Frequently Asked Questions
Q: When should I use a circuit breaker vs a retry?
Use retries for transient failures (network blips, momentary timeouts). Use circuit breakers when a service is consistently failing. In practice, combine both: retry a few times, and if failures persist, the circuit breaker opens to prevent further attempts. This is part of a broader partial failure handling strategy.
Q: Should every service call have a circuit breaker?
Yes, any remote call that could fail should have a circuit breaker. This includes HTTP calls, database queries, cache lookups, and message queue operations. The configuration may differ — a database circuit breaker might have a lower failure threshold than an external API call.

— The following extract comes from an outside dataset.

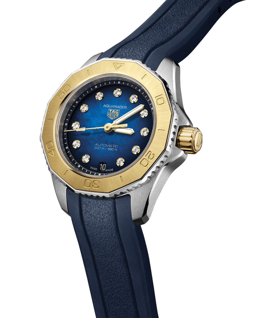 Часы TAG Heuer Aquaracer Professional 200 WBP2450.FT6215. Сочетая в себе прочность желтого золота и универсальность синего каучукового ремешка, этот роскошный TAG Heuer Aquaracer отличается спортивной элегантностью. Сверкающие бриллианты диаметром 1,4 мм (0,107 карата). Очень разборчивые благодаря светящимся позолоченным стрелкам и индексам, великолепно контрастирующим с темно-синим циферблатом, эти эффектные часы готовы к крайностям.

Q: How do circuit breakers work with service meshes?
Service meshes like Istio and Linkerd provide built-in circuit breaking at the infrastructure level. This means you get circuit breaking without modifying application code. Istio uses Envoy proxy's outlier detection to automatically eject unhealthy endpoints from the load balancing pool.
Q: What is the relationship between circuit breakers and bulkheads?
The bulkhead pattern isolates resources so a failure in one area does not affect another. Circuit breakers detect and stop failures. Together, they provide comprehensive resilience: bulkheads prevent resource exhaustion while circuit breakers prevent cascading failures. Both are critical patterns described in our partial failures guide.